#### EXERCISE MATERIAL
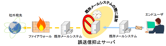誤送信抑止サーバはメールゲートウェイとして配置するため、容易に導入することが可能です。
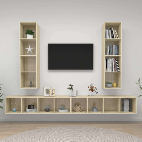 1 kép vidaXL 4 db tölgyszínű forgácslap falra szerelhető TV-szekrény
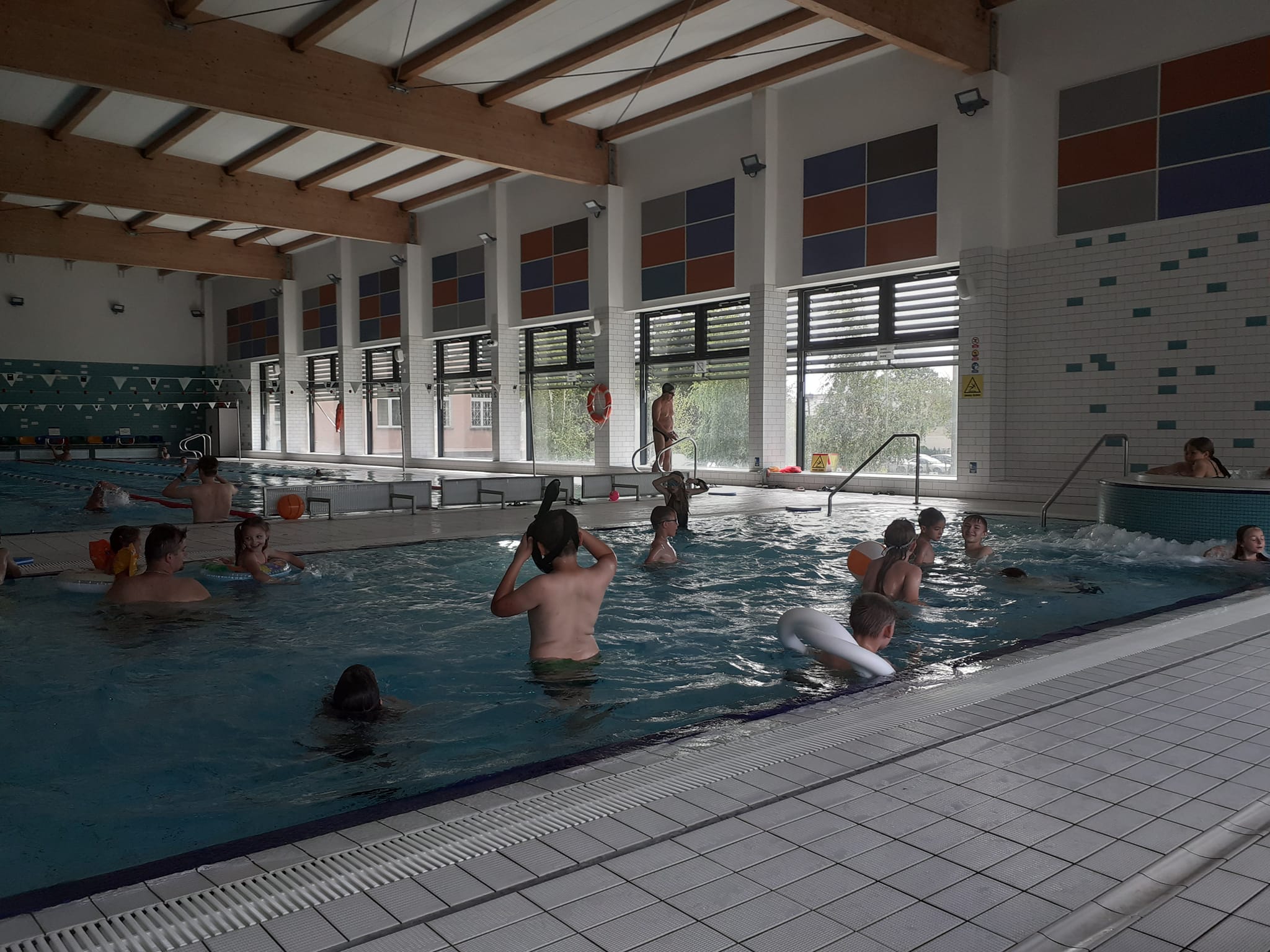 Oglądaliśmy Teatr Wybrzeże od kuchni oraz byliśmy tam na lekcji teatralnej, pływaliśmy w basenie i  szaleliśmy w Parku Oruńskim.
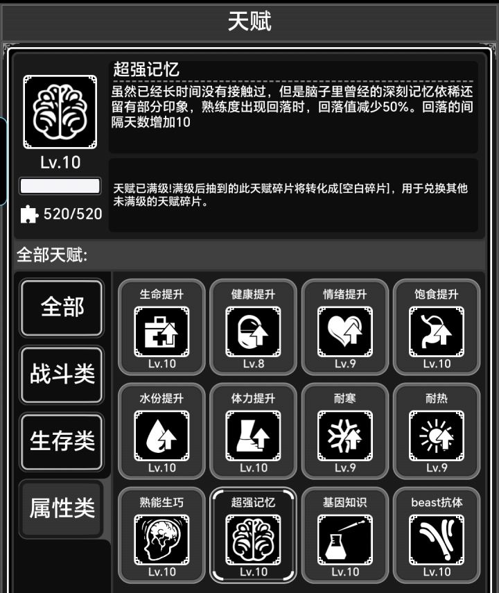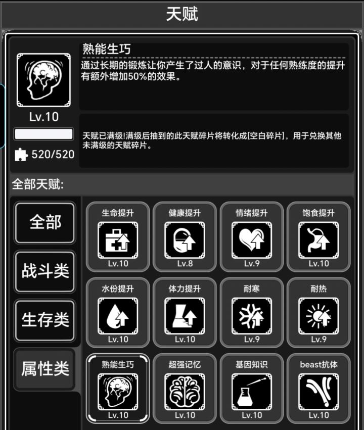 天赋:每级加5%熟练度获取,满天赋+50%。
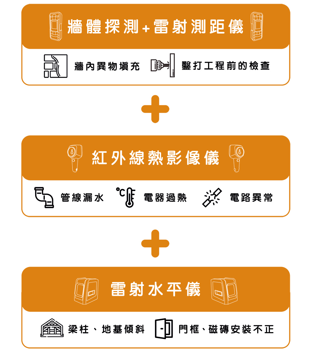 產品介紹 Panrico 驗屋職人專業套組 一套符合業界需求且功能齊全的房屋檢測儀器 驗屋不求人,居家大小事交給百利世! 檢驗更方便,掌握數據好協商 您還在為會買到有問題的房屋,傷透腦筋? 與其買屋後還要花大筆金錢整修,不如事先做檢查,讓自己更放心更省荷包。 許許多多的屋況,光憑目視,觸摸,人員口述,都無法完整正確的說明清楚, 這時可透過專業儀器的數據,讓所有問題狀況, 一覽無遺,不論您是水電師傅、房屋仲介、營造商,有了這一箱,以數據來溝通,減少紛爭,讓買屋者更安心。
########
#### EXERCISE MATERIAL
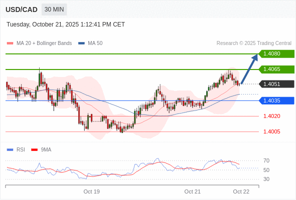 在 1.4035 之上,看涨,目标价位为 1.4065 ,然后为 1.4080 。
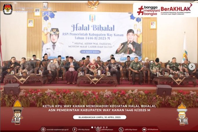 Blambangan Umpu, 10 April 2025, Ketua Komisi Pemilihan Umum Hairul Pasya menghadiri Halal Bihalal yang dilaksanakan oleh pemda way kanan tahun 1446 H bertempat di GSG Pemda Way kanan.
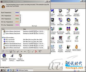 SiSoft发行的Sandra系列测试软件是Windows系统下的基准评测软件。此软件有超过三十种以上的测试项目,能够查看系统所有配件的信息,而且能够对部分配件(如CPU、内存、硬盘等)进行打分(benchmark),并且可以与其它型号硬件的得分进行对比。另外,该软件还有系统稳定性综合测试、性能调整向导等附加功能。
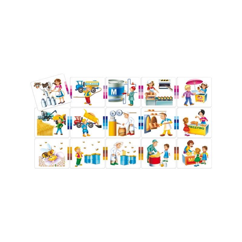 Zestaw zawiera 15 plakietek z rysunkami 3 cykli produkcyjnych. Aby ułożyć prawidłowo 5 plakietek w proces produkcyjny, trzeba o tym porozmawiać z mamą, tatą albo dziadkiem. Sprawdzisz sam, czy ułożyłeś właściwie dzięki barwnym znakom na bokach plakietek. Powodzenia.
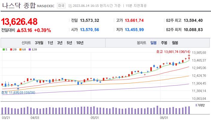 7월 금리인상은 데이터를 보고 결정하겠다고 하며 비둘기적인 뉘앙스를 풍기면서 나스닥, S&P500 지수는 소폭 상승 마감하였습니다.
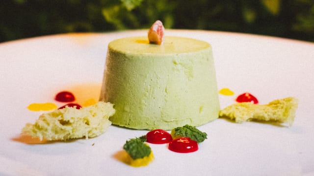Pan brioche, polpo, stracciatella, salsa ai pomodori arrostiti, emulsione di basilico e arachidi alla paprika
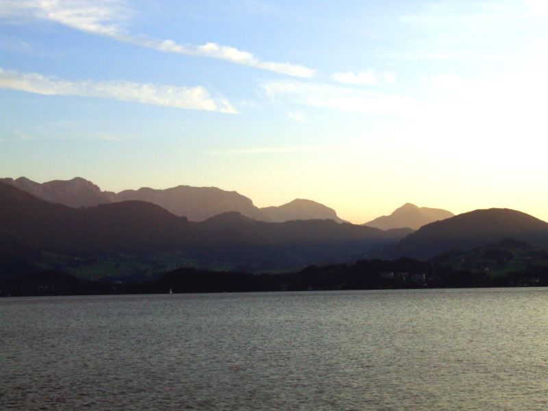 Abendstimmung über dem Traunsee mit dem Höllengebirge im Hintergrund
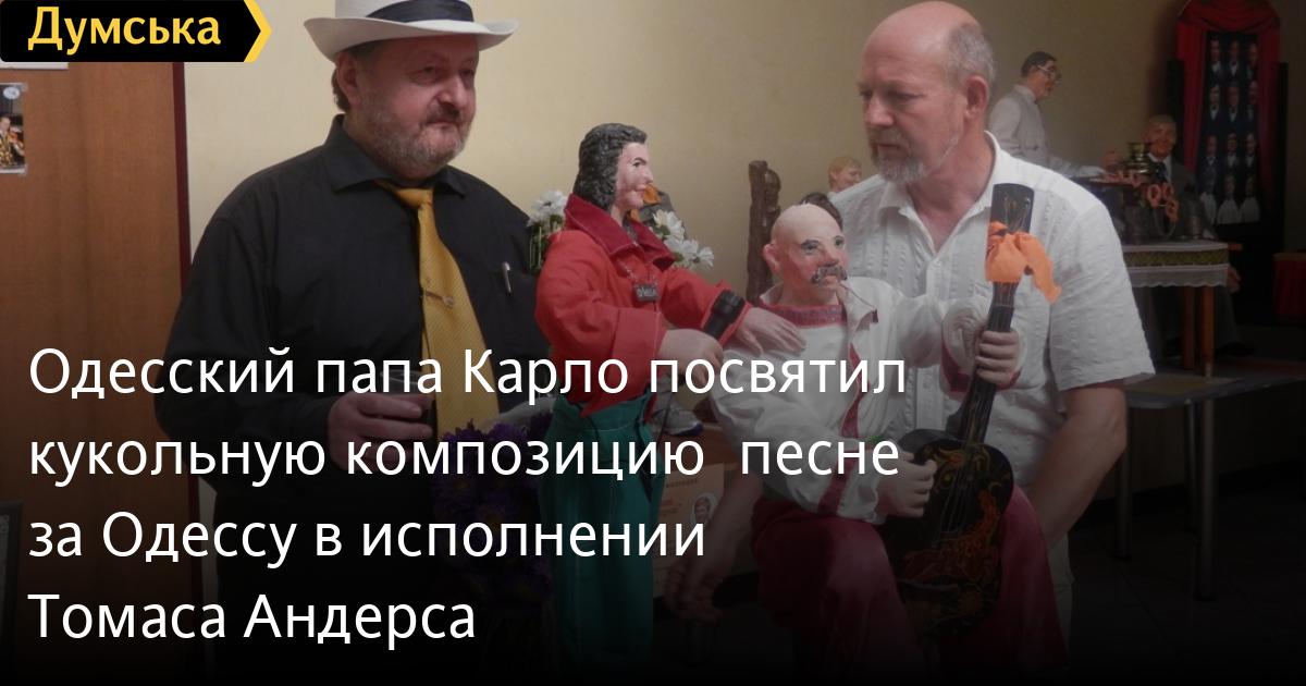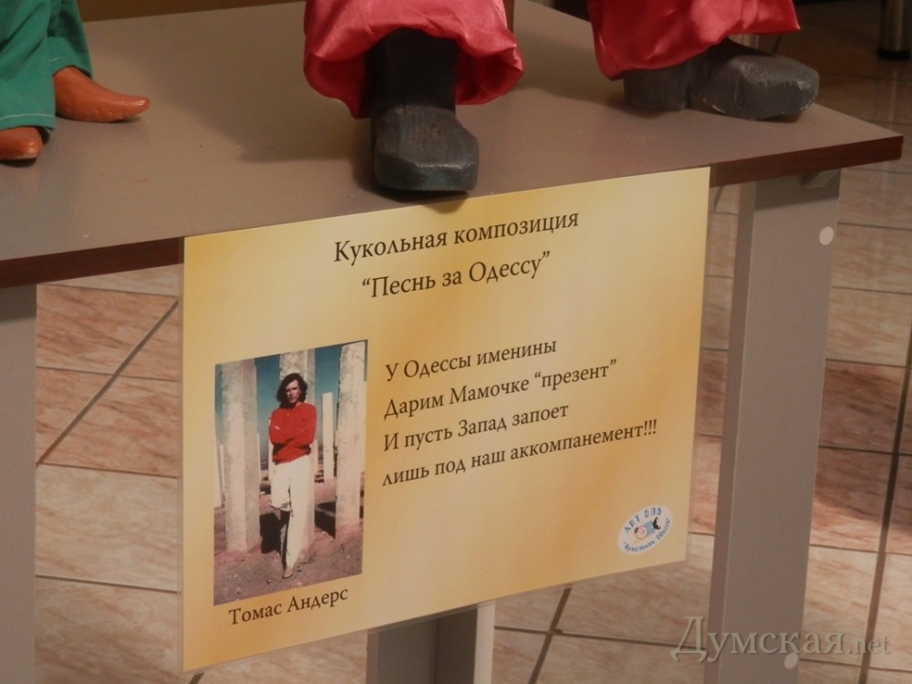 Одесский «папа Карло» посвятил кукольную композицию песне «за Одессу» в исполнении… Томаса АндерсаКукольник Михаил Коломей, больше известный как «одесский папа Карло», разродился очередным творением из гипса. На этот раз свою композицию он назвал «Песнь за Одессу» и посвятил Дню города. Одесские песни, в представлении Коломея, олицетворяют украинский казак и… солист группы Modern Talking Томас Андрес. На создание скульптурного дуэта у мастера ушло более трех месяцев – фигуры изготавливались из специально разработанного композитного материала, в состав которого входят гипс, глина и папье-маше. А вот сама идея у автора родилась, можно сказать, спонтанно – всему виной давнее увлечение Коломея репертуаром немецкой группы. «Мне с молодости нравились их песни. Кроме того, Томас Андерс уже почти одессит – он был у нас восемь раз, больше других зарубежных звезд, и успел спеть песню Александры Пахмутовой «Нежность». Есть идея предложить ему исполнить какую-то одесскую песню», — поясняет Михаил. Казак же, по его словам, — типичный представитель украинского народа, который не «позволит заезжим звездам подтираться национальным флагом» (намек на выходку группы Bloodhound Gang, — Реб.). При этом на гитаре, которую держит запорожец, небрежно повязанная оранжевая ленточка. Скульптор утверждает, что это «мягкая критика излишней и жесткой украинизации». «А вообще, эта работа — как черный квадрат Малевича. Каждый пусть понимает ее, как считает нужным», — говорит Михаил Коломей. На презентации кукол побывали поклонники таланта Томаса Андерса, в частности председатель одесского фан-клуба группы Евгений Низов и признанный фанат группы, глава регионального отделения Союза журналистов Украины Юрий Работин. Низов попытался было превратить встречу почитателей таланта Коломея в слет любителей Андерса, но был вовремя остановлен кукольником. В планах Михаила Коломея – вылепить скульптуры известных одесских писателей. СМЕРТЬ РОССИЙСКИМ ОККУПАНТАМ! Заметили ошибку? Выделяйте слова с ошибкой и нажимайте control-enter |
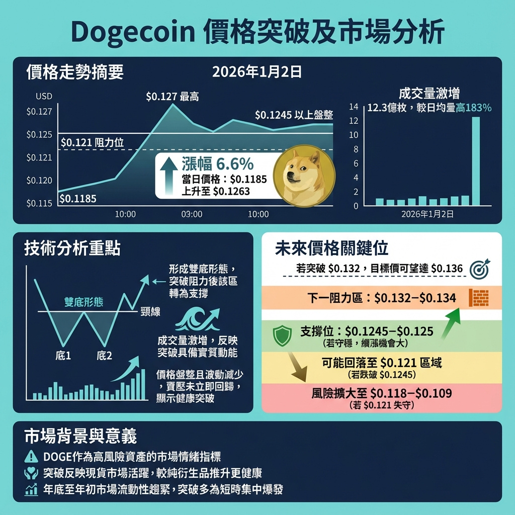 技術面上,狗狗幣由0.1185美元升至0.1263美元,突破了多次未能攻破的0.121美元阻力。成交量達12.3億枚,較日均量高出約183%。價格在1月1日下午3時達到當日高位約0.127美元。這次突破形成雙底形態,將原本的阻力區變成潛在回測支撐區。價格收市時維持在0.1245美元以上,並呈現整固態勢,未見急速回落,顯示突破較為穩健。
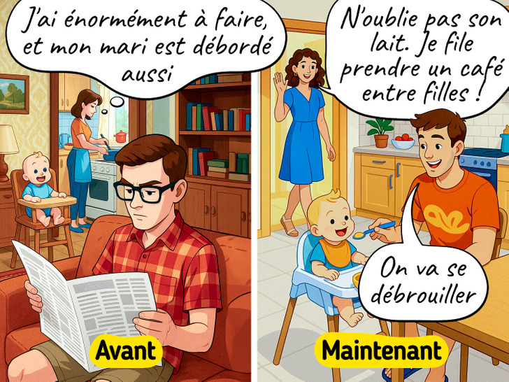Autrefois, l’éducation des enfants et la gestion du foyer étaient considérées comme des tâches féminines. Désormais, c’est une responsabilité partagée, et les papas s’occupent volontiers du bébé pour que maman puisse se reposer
########
#### EXERCISE MATERIAL
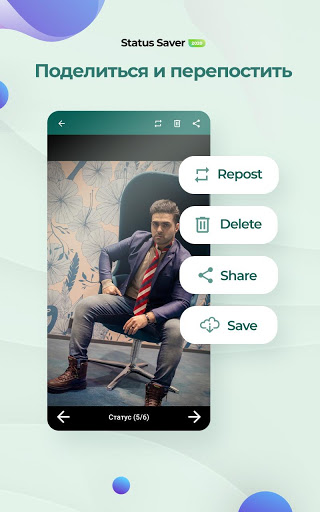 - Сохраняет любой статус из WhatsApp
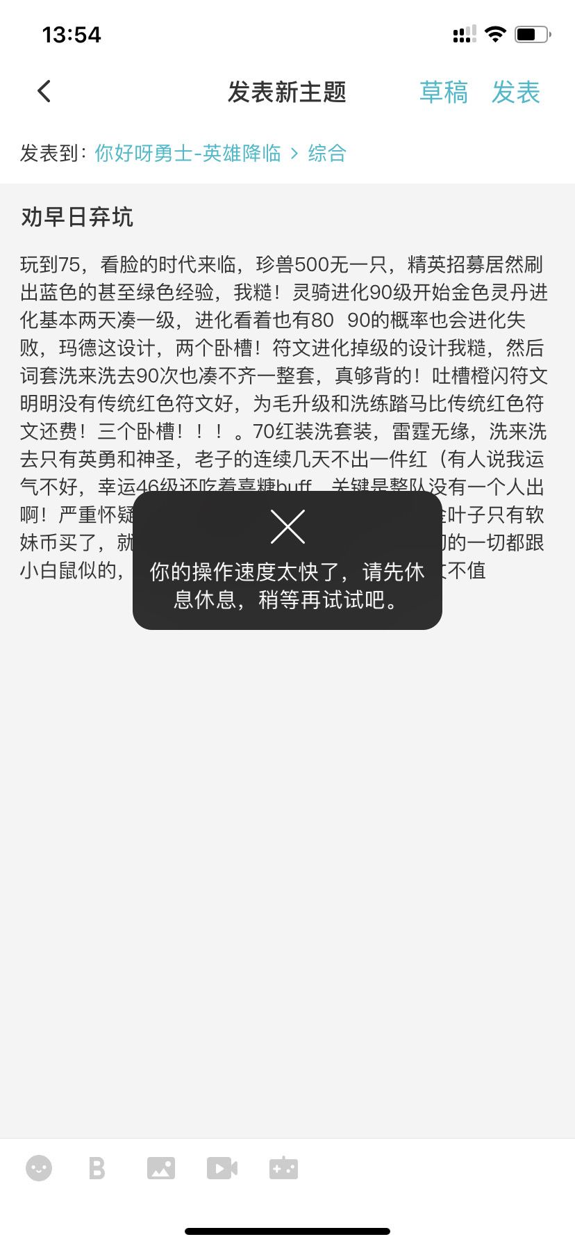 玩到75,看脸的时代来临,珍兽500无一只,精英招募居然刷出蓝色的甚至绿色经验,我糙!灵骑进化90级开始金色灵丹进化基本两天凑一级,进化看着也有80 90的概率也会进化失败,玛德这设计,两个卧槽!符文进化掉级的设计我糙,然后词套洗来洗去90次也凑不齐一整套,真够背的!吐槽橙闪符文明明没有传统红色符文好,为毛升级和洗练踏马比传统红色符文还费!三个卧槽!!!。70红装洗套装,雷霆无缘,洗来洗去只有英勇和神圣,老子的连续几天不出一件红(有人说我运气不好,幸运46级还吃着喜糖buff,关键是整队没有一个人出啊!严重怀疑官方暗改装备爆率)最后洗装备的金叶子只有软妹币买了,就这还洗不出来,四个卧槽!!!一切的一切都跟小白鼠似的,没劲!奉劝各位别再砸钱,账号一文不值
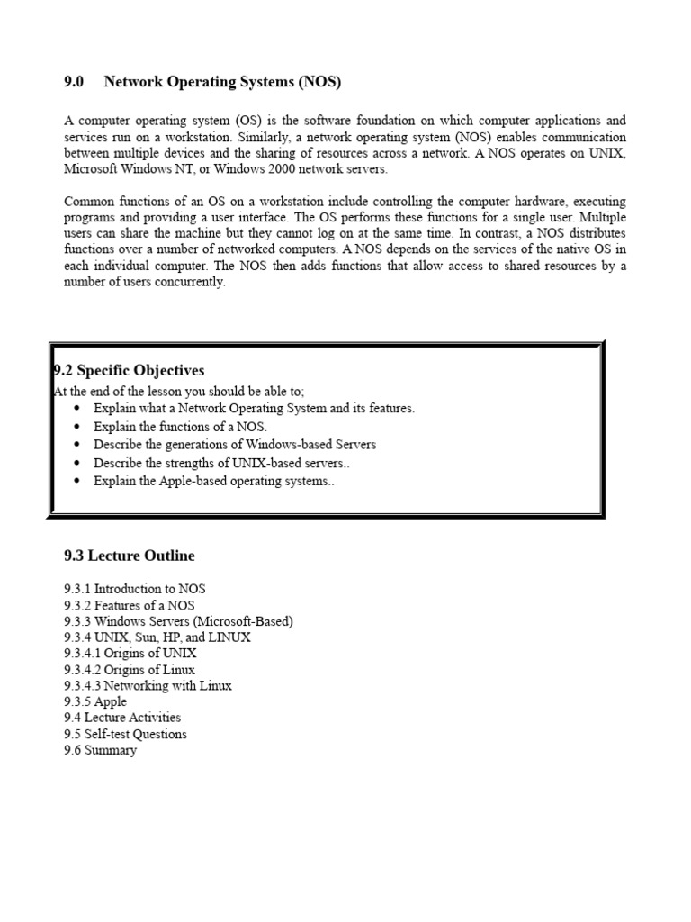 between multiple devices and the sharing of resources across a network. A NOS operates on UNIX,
########
INSTRUCTIONS FOR THE TASK ->
Reproduce exactly the lines above that run from the one with "7월 금리인상은 데이터를" to the one with "Abendstimmung über dem", both included, leaving pictures out.

ANSWER ->
 7월 금리인상은 데이터를 보고 결정하겠다고 하며 비둘기적인 뉘앙스를 풍기면서 나스닥, S&P500 지수는 소폭 상승 마감하였습니다.
Pan brioche, polpo, stracciatella, salsa ai pomodori arrostiti, emulsione di basilico e arachidi alla paprika
 Abendstimmung über dem Traunsee mit dem Höllengebirge im Hintergrund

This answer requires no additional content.